Moradores de aldeia no Cazaquistão revivem antiga arte dos berkutchi
Os berkutchi são considerados guardiões de uma das mais antigas tradições de caça dos nômades
Moradores da aldeia de Bozanbai, no leste do Cazaquistão, estão revivendo as tradições da caça nacional com águias-douradas. Eles transmitem às crianças as habilidades de manejo das aves de rapina e atraem participantes de outros países. Lá é realizado festival que reúne regularmente berkutchi do mundo todo, informa a Kazinform, parceira da TV BRICS.
Berkutchi é o nome dado aos treinadores e caçadores experientes que se dedicam à criação e ao adestramento dessas aves. Um deles é Marks Nazhitban. Ele organizou o modo de vida de sua família em torno dessa prática tradicional.
"Eu queria que meus filhos não ficassem afastados de suas raízes. Que conhecessem sua história, costumes e tradições […] porque as tradições não se preservam sozinhas. Se ninguém as vive, elas desaparecem muito rápido […] para os cazaques, o berkut nunca foi apenas uma ave. Ele representa força, sobrevivência, respeito e status. Na estepe, cenário em que muita coisa dependia da natureza, ele se tornava um aliado do ser humano: ajudava a conseguir alimento, contribuía para a sobrevivência e virava parte da família. Em tempos de fome, um único berkut podia alimentar uma comunidade inteira e era valorizado como ouro", contou Nazhitban.
Sua filha de 16 anos, Aizere, muda a visão tradicional sobre os caçadores. Ela é a mais jovem berkutchi da região e, desde os 8 anos, consegue segurar por horas em seu braço uma ave de sete quilos.
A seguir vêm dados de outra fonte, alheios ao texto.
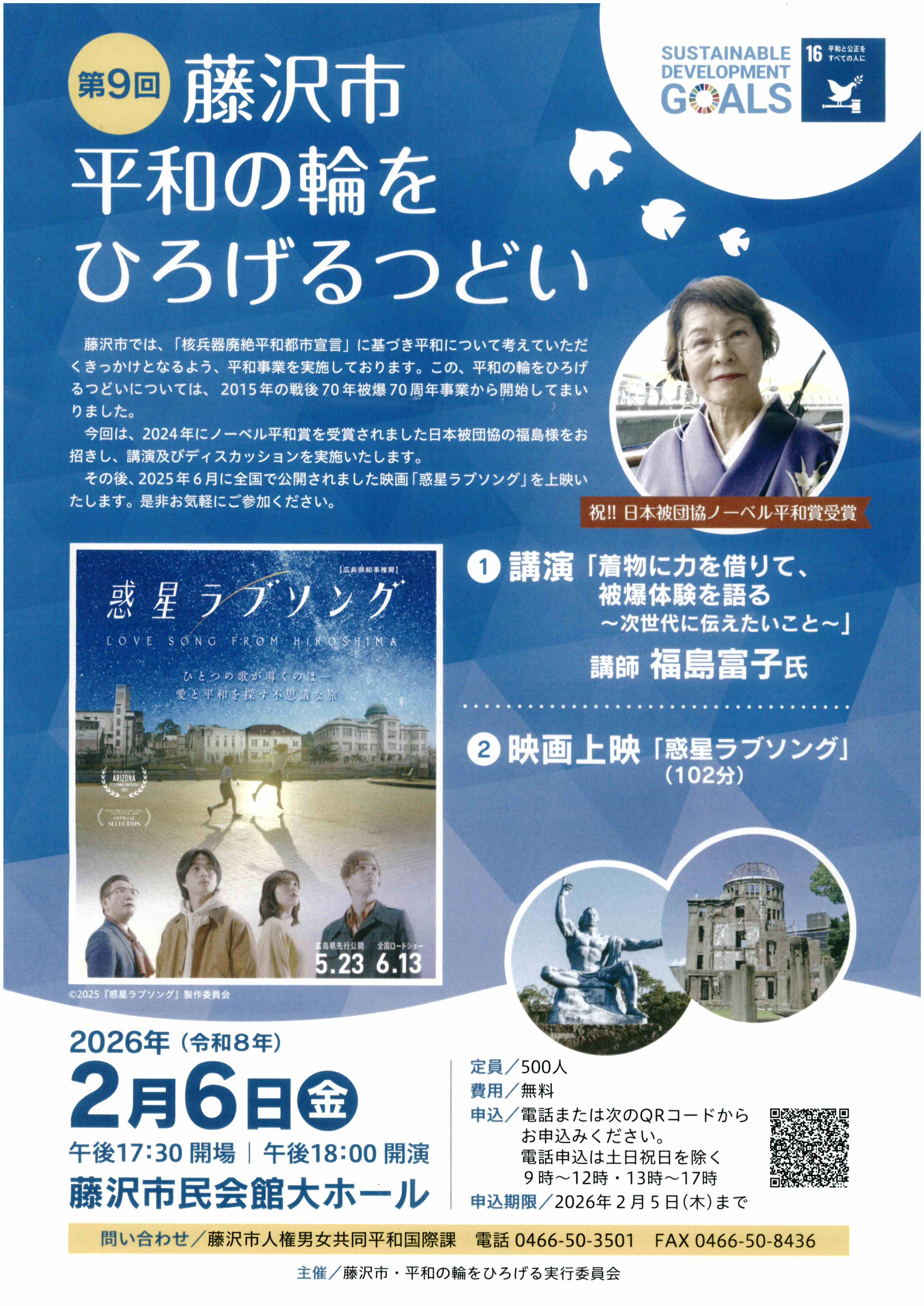 日時:2026年(令和8年)2月6日(金曜日)18時開演(17時30分開場) 費用:無料 申込期限:2月5日(木)まで PDF情報No.115205 今年で9回目を迎えます、平和の輪をひろげるつどいを開催します。 202 […]

Aizere criou sozinha seu primeiro berkut e, alguns anos depois, o soltou na natureza, como exigem as regras dos berkutchi.
"O mais difícil é a despedida. Porque você está com ele [o berkut] todos os dias. Você o alimenta, cuida dele, ele está sempre ao seu lado. Ele é um membro da sua família. Mas chega um momento em que você entende que precisa deixá-lo ir, porque não pode ser diferente. Ele deve viver na natureza, formar seu par, construir seu ninho", compartilhou Aizere.
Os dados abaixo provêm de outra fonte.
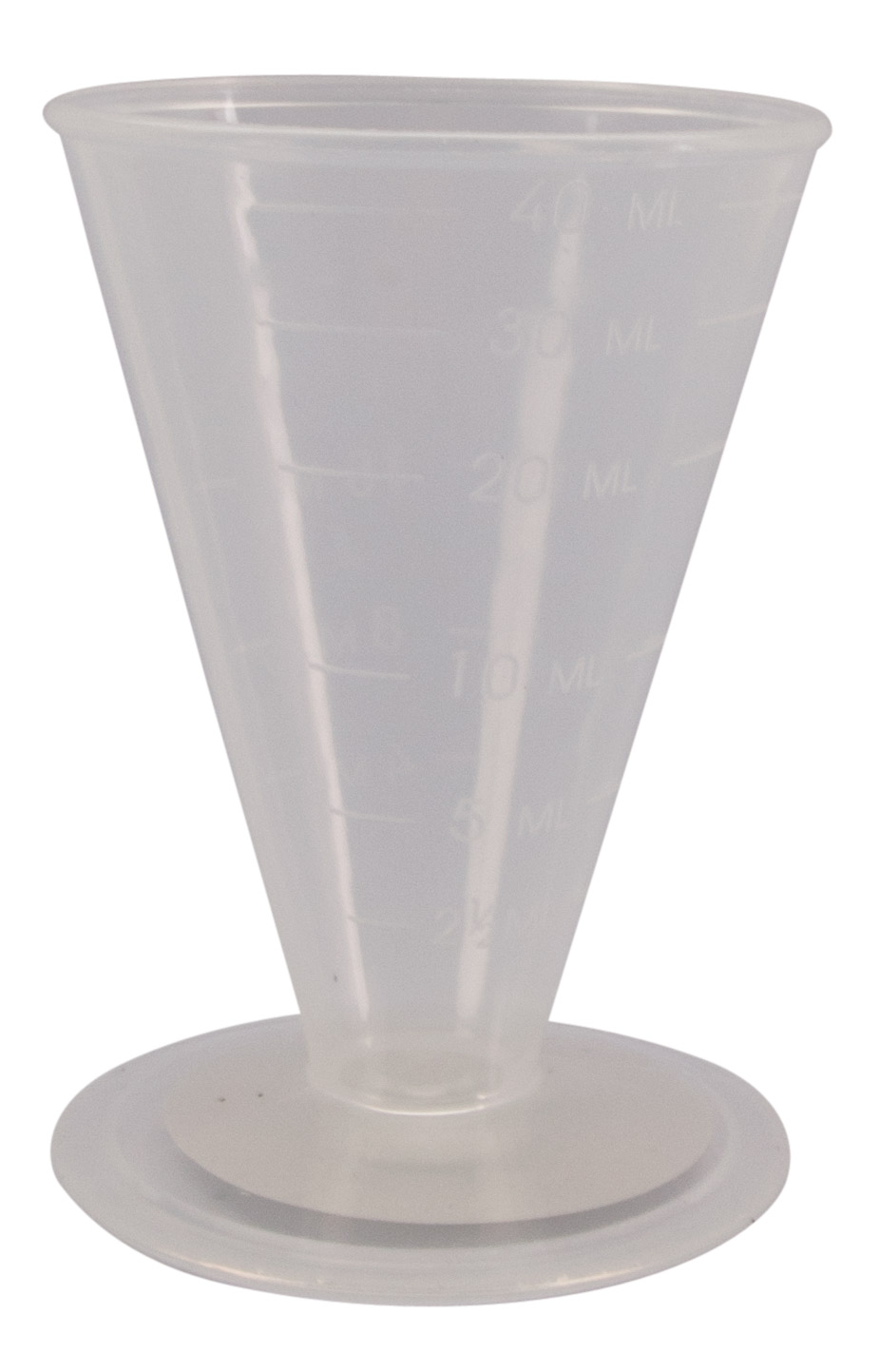 This clear plastic conical measure has a 40ml capacity and features clear graduations for accurate measures.
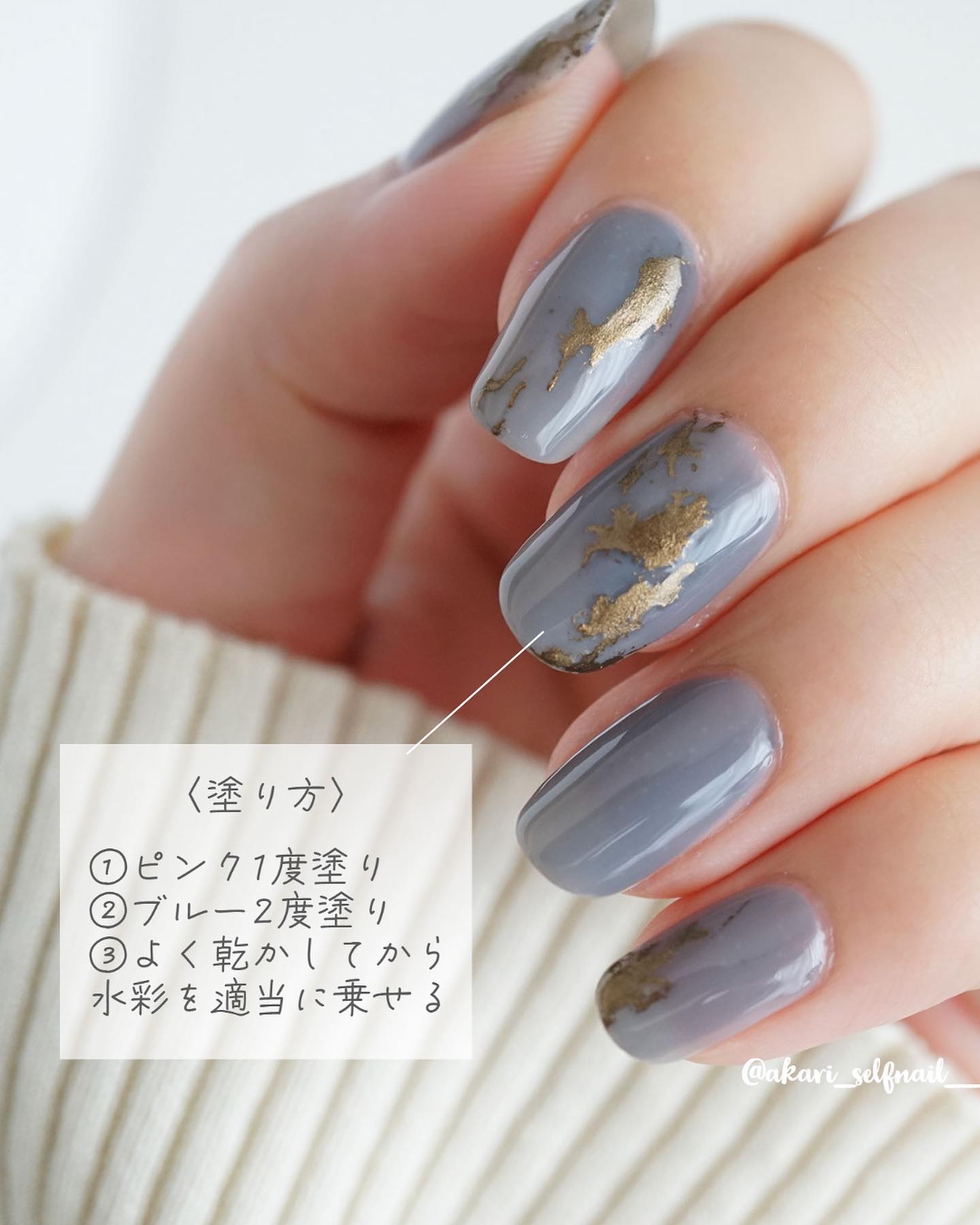 ベースにフレークをふぁさっと乗せて乾かしたら 2色をランダムに塗り重ねるだけ。 シアーだからぼかし不要で ニュアンスっぽくなるのありがたい…🥹 室内でも外でもずっと眺めていられるような 美しいカラーでした✨ 色味もラメ感も好きすぎる💙

A família de Nazhitban participa ativamente da organização do festival de berkutchi em sua aldeia natal. No outono de 2025, Bozanbai recebeu cerca de 100 caçadores de diferentes países e mais de 10 mil turistas.
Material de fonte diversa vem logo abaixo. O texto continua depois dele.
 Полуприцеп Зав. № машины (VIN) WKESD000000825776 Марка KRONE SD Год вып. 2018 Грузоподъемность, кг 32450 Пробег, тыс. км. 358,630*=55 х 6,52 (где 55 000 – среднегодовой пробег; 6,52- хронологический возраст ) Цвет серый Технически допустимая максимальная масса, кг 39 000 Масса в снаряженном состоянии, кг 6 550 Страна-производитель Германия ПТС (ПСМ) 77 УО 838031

Atualmente, a família desenvolve sua própria comunidade étnica, não como um projeto separado voltado aos turistas, mas como uma continuação natural de seu modo de vida. Os visitantes poderão vivenciar essa rotina de perto: sair para a estepe, acompanhar a caça, segurar um berkut no braço, provar o saumal (leite fresco de égua) e participar de atividades tradicionais.